WASHINGTON - What should be done to improve the regulation of the municipal market and what actually will be done are two very different matters.

As discussed in this column last week, the ideal way to protect investors and maintain confidence in the entire market would be to set up a system of mandatory disclosure that applies to all issuers and that subjects all market participants to a tough negligence standard.

But when faced with political reality, Congress and federal regulators will only apply a bandage to the current system.

Here's why.

First of all, not enough investors and taxpayers have been hurt by the current problems of insufficient disclosure and political influence peddling for Congress and regulators to take radical steps.

Secondly, there has not been enough publicity about problems in the market to convince rank-and-file members of Congress to repeal the Tower amendment, which prohibits the Securities and Exchange Commission from requiring registration of municipal securities and generally protects issuers from being told what to disclose. Even the slightly sensationalized cover story on munis last week in Business Week is unlikely to goad Congress to act.

The third and biggest reason for inaction will be the issuers themselves. Whatever volume of phone calls Congress gets from investors will be shouted down by calls from thousands of issuers who will argue that any form of mandatory disclosure will only drive up costs and impose a greater burden on taxpayers.

The likelihood of those calls has already had an effect.

Rep. John Dingell, D-Mich., the chairman of the House Energy and Commerce Committee, which controls securities legislation in the House, said on Aug. 5 that repealing Tower would impose "enormous" costs on issuers and "most of what needs to be done can be accomplished within the current regulatory structure."

Richard Roberts, an SEC commissioner who has become the champion of improving municipal disclosure, indicated two weeks ago that the SEC won't push for a repeal of Tower and, at best, may ask Congress to clarify that the commission has authority over municipal bond issues through its regulation of dealers.

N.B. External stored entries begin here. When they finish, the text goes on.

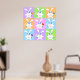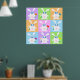 Une série de lapins mignons et colorés tenant des fleurs. Ce design semble vraiment efficace sur ces Poster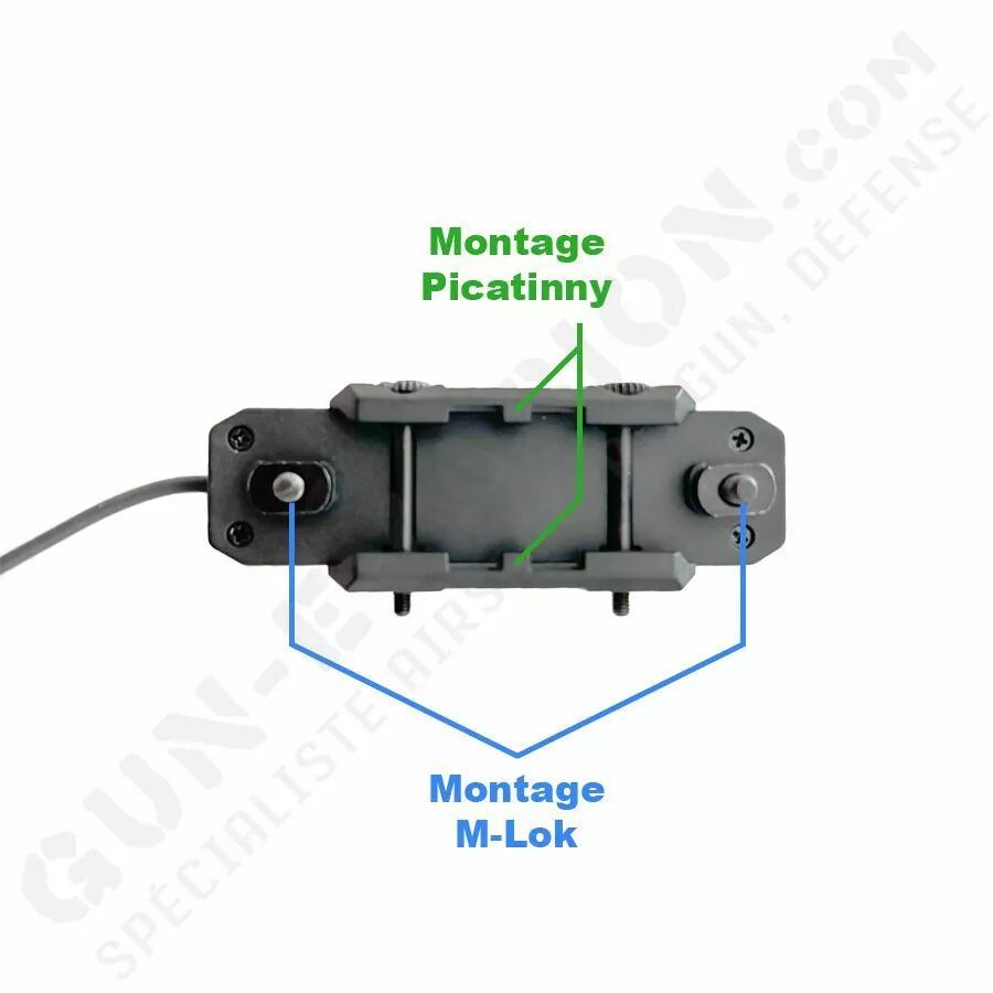 Le connecteur déporté peut lui aussi être installé sur les deux type de montages indépendamment de la lampe. Cela veut dire que vous pouvez très bien fixer la lampe sur un emplacement latéral M-Lok et le switch sur un rail Picatinny ou inversement. La Skywoods L7019A s'adapte donc parfaitement à votre réplique et votre style de jeu.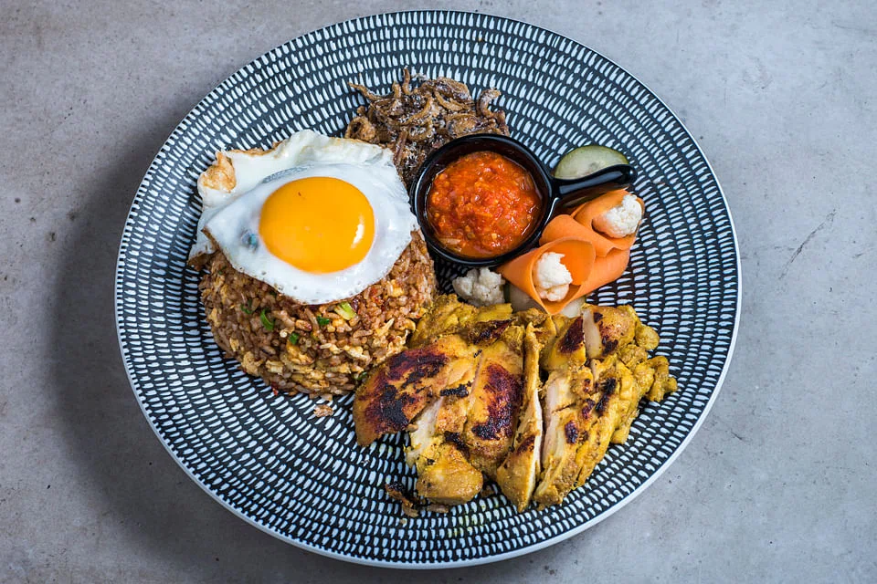 The satay also makes a repeat appearance in the kampong fried rice (S$16) - a mound of fried multi-grain rice that tastes like a happy fusion of fried glutinous rice and conventional nasi goreng. It's topped with a fried egg, crunchy fried ikan bilis and sambal belacan.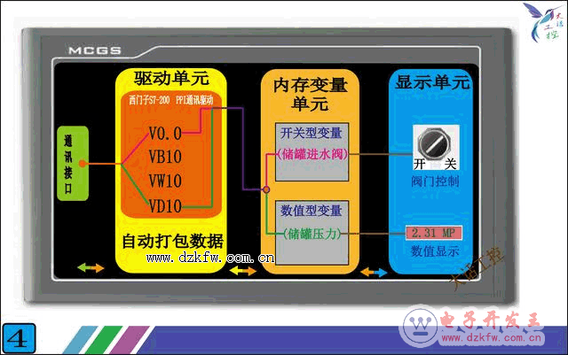 比如我們想要在觸摸屏上顯示一個鍋爐的水溫,那么我們就在觸摸屏的內存變量單元,新建一個變量,這個變量的名字叫'鍋爐水溫'(名字隨便取),數據類型選擇數值型。那么觸摸屏就會自動在內存單元,分配一小塊區域給'鍋爐水溫'這個變量。當觸摸屏和PLC通訊時,就會把從PLC讀到水溫數據存放到這一小塊區域,也就是'鍋爐水溫'這個變量。當我們需要顯示多個數據時,只要新建多個變量就可以了。看到這里你可能還是有點不太理解,沒關系,等一會我按照下面的圖4系統的說一下你就明白了。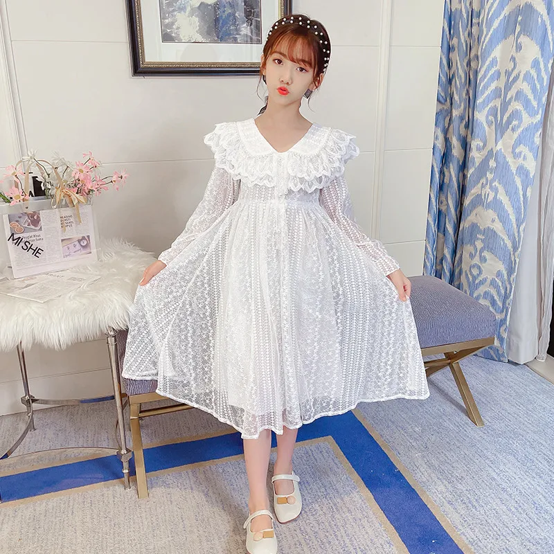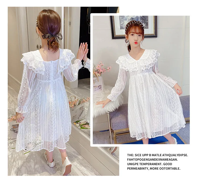 Платье детское кружевное, белое, с длинным рукавом, на свадьбу, вечевечерние, для девочек 4-14 лет, 2021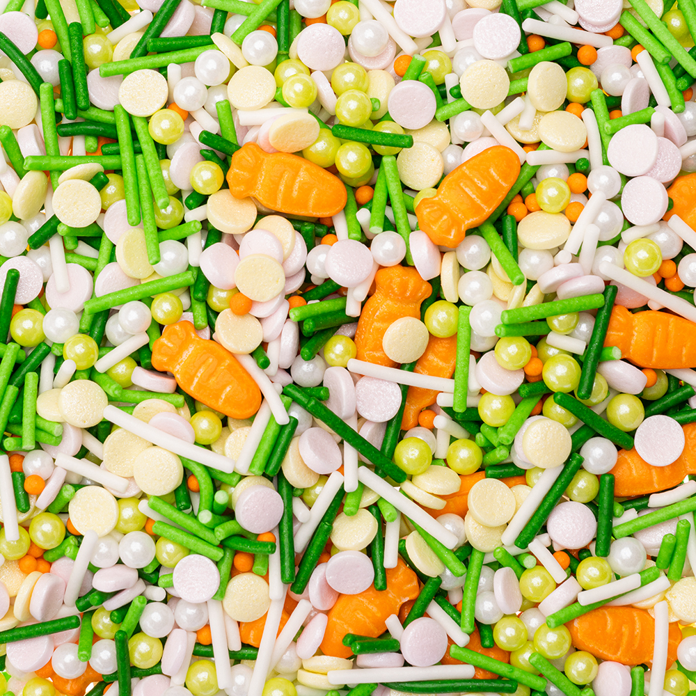 • Состав: сахар, кукурузный крахмал, мальтодекстрин, стеарат магния, пищевой ароматизатор Ванилин, пищевые красители, карнаубский воск.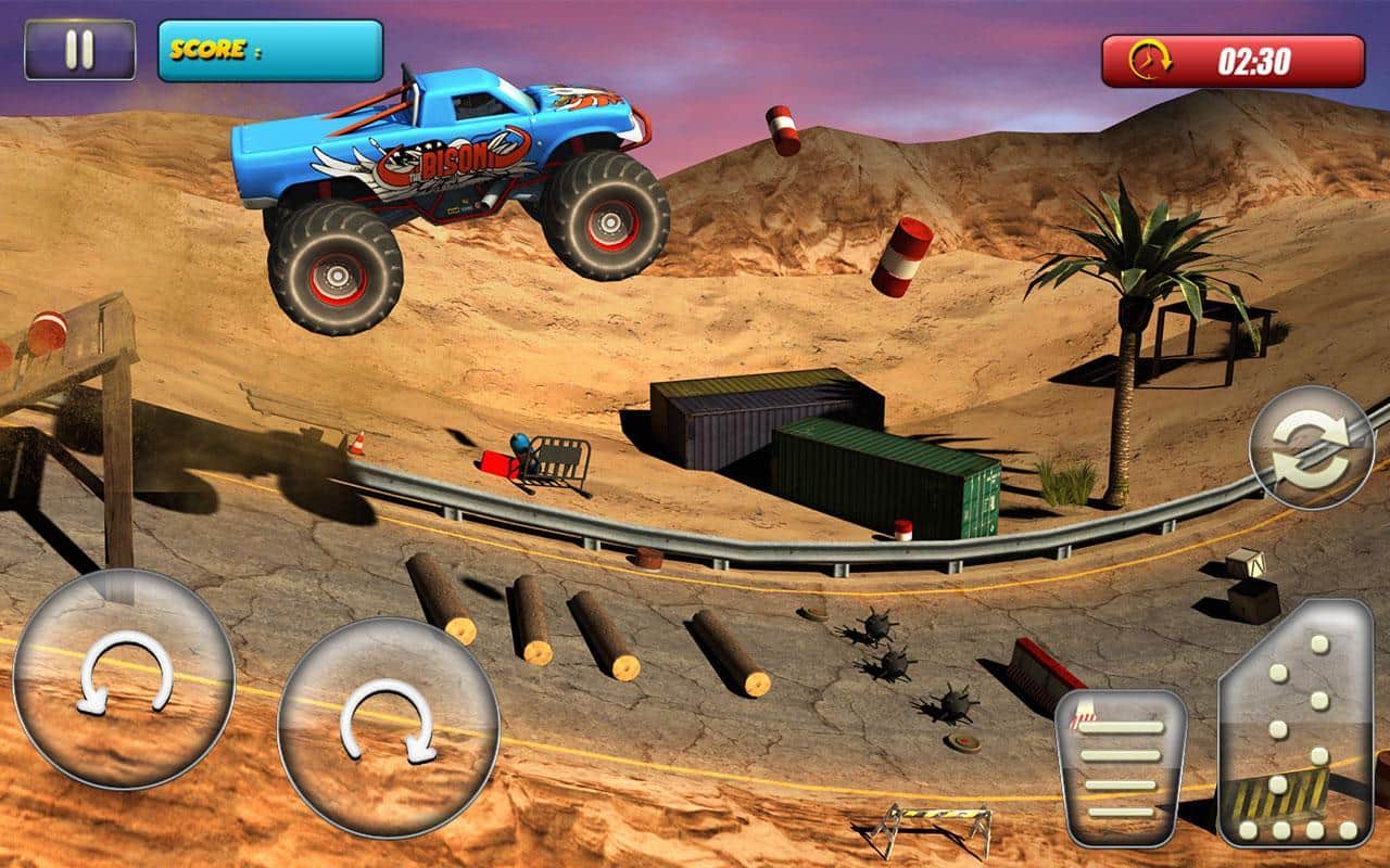 Monster Truck Rider 3D – гонки по опасным трассам на грузовиках-монстрах с отличной физикой. В этой игре на андроид вы возьмете под свой контроль огромный грузовик и проведете его по многочисленным трассам игры, обходя все препятствия и преграды на пути. Приготовьтесь к экстремальной езде, управляя грузовиков. Давите на педаль газа до упора и разгоняйте свой грузовик, до предельной скорости выполняя головокружительные трюки и прыжки с трамплинов. Проезжайте по крутым склонам и холмам, а также объезжайте завалы и преграды. Постарайтесь не перевернуть свой грузовик иначе игра для вас закончиться, и придется проходить все уровни заново. Проходите многочисленные миссии игры и открывайте для себя новые грузовики и машины.

At the same time, he said the SEC is likely to try to use its existing authority over dealers to indirectly force issuers to improve their disclosure practices. The commission would prohibit dealers from selling bonds to investors if they don't have current financial information about an issuer.

Meanwhile, the SEC and Congress are unlikely to try to do anything about political contributions and probably will stop at backing the Municipal Securities Rulemaking Board's proposals to control dealers' contributions to bond issuers.

In the end, the SEC, through the MSRB, is likely to tighten the regulation of dealers a little more and require them to do the job of forcing issuers to improve their disclosure.

Beyond that, probably not much will be done.